Work request. If an entry holds a picture, leave the picture out and copy the rest exactly.

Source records

◆ ◆ ◆ ◆

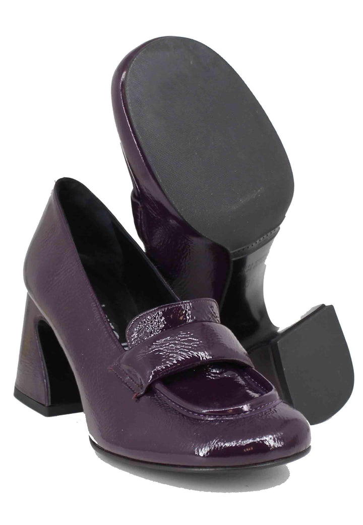 Mocassini donna in vernice viola con tacco alto e punta tonda Donna SP784 037
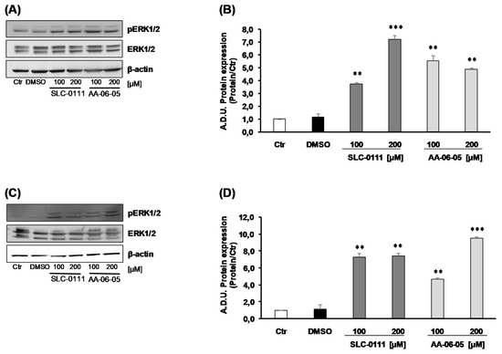 CA-IX pharmacological inhibitors increase the expression and activation of p-ERK1/2. MDA-MB-231 (A,B) and A549 (C,D) were treated with SLC-0111 and AA-06-05 [100–200 µM] for 30 min. The treatments were performed under experimental condition of medium with 1% FBS. Signals were evaluated through western blot and β-actin was used to normalize protein loading. For each experimental condition Arbitrary Densitometry Units (A.D.U.) ± SD were reported as pERK1/2/total ERK1/2 vs basal control. (n = 3). ** p < 0.01 and *** p < 0.001 vs. untreated cells (Ctr).
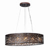 By encircling suspended crystals with a laser-cut bronze shade with a cognac glass finish, the 12" Inca Linear Pendant produced a unique glow inspired by the lost treasures from the Inca empire. And with 9-lights producing 4500 lumens, the light is functionally bright while providing an atmosphere that fits in both contemporary and traditional settings.
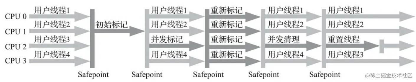 - 重新标记是为了修正并发标记期间,因用户线程继续运作而导致标记产生变动的那一部分对象的标记记录,这个阶段的停顿时间通常会比初始标记阶段稍微长一些,但也远比并发标记阶段的时间短;
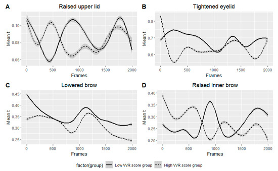 A smoothed visual representation of the mean intensity of the four most predictive action units between low and high VVR groups during the 2000 frames prior to the donation. (A) shows the mean intensity value of raised upper eyelid, (B) shows the mean intensity value of tightened eyelid, (C) shows the mean intensity value of lowered eyebrow, and (D) shows the mean intensity value of raised inner eyebrow.
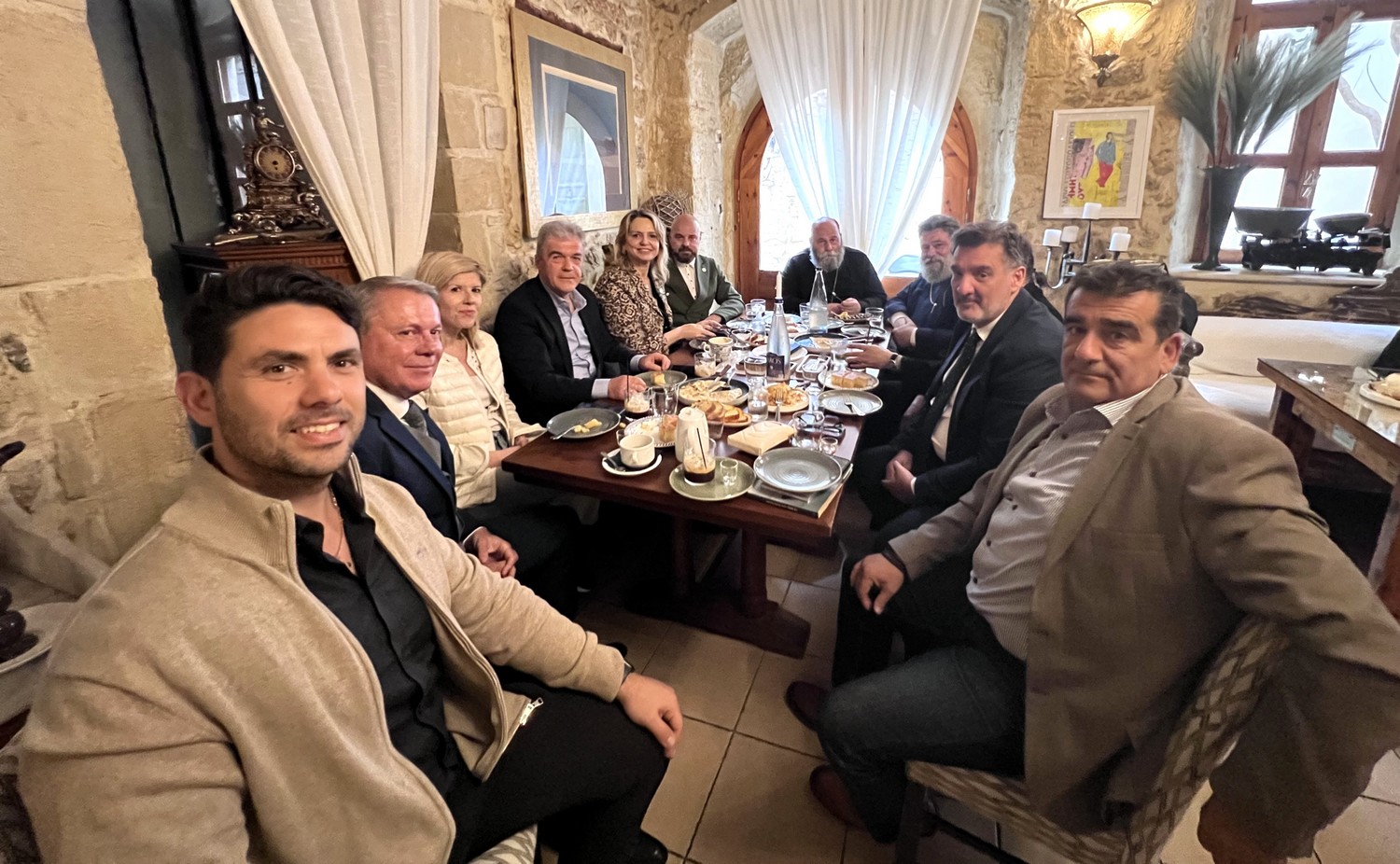 Το συντονισμό της επίσκεψης ανέλαβε ο Σύλλογος Ξενοδόχων Ν. Ρεθύμνης, με πρωτοβουλία του νέου Προέδρου του κ. Νίκου Κουμνά ενώ τους θεσμικούς μας επισκέπτες υποδέχθηκαν θερμά: η Αντιπεριφερειάρχης Ρεθύμνου κα Μαίρη Λιονή, ο Περιφερειακός Σύμβουλος κ. Μιχάλης Βάμβουκας, ο Αντιδήμαρχος Δ.Ρ κ. Δημήτριος Λελεδάκης (εκτελών χρέη Δημάρχου), ο κ. Κωνσταντίνος Γασπαράκης (Εντεταλμένος Σύμβουλος Τουρισμού και Πρόεδρος Επιτροπής Τουριστικής Ανάπτυξης και Προβολής, Δήμου Ρεθύμνης), καθώς και εκπρόσωποι του τουριστικού και ξενοδοχειακού κλάδου, όπως η Αντιπρόεδρος κα Πέπη Μπιρλιράκη και ο επίτιμος Πρόεδρος κ. Εμμανουήλ Τσακαλάκης του Συλλόγου Ξενοδόχων Ν. Ρεθύμνου, ο Πρόεδρος του Σωματείου Επαγγελματιών Ξεναγών Κρήτης - Σαντορίνης και μέλη του Συλλόγου Ξεναγών Ρεθύμνης.

◆ ◆ ◆ ◆

Exercise result.
 Mocassini donna in vernice viola con tacco alto e punta tonda Donna SP784 037
 CA-IX pharmacological inhibitors increase the expression and activation of p-ERK1/2. MDA-MB-231 (A,B) and A549 (C,D) were treated with SLC-0111 and AA-06-05 [100–200 µM] for 30 min. The treatments were performed under experimental condition of medium with 1% FBS. Signals were evaluated through western blot and β-actin was used to normalize protein loading. For each experimental condition Arbitrary Densitometry Units (A.D.U.) ± SD were reported as pERK1/2/total ERK1/2 vs basal control. (n = 3). ** p < 0.01 and *** p < 0.001 vs. untreated cells (Ctr).
 By encircling suspended crystals with a laser-cut bronze shade with a cognac glass finish, the 12" Inca Linear Pendant produced a unique glow inspired by the lost treasures from the Inca empire. And with 9-lights producing 4500 lumens, the light is functionally bright while providing an atmosphere that fits in both contemporary and traditional settings.
 - 重新标记是为了修正并发标记期间,因用户线程继续运作而导致标记产生变动的那一部分对象的标记记录,这个阶段的停顿时间通常会比初始标记阶段稍微长一些,但也远比并发标记阶段的时间短;
 A smoothed visual representation of the mean intensity of the four most predictive action units between low and high VVR groups during the 2000 frames prior to the donation. (A) shows the mean intensity value of raised upper eyelid, (B) shows the mean intensity value of tightened eyelid, (C) shows the mean intensity value of lowered eyebrow, and (D) shows the mean intensity value of raised inner eyebrow.
 Το συντονισμό της επίσκεψης ανέλαβε ο Σύλλογος Ξενοδόχων Ν. Ρεθύμνης, με πρωτοβουλία του νέου Προέδρου του κ. Νίκου Κουμνά ενώ τους θεσμικούς μας επισκέπτες υποδέχθηκαν θερμά: η Αντιπεριφερειάρχης Ρεθύμνου κα Μαίρη Λιονή, ο Περιφερειακός Σύμβουλος κ. Μιχάλης Βάμβουκας, ο Αντιδήμαρχος Δ.Ρ κ. Δημήτριος Λελεδάκης (εκτελών χρέη Δημάρχου), ο κ. Κωνσταντίνος Γασπαράκης (Εντεταλμένος Σύμβουλος Τουρισμού και Πρόεδρος Επιτροπής Τουριστικής Ανάπτυξης και Προβολής, Δήμου Ρεθύμνης), καθώς και εκπρόσωποι του τουριστικού και ξενοδοχειακού κλάδου, όπως η Αντιπρόεδρος κα Πέπη Μπιρλιράκη και ο επίτιμος Πρόεδρος κ. Εμμανουήλ Τσακαλάκης του Συλλόγου Ξενοδόχων Ν. Ρεθύμνου, ο Πρόεδρος του Σωματείου Επαγγελματιών Ξεναγών Κρήτης - Σαντορίνης και μέλη του Συλλόγου Ξεναγών Ρεθύμνης.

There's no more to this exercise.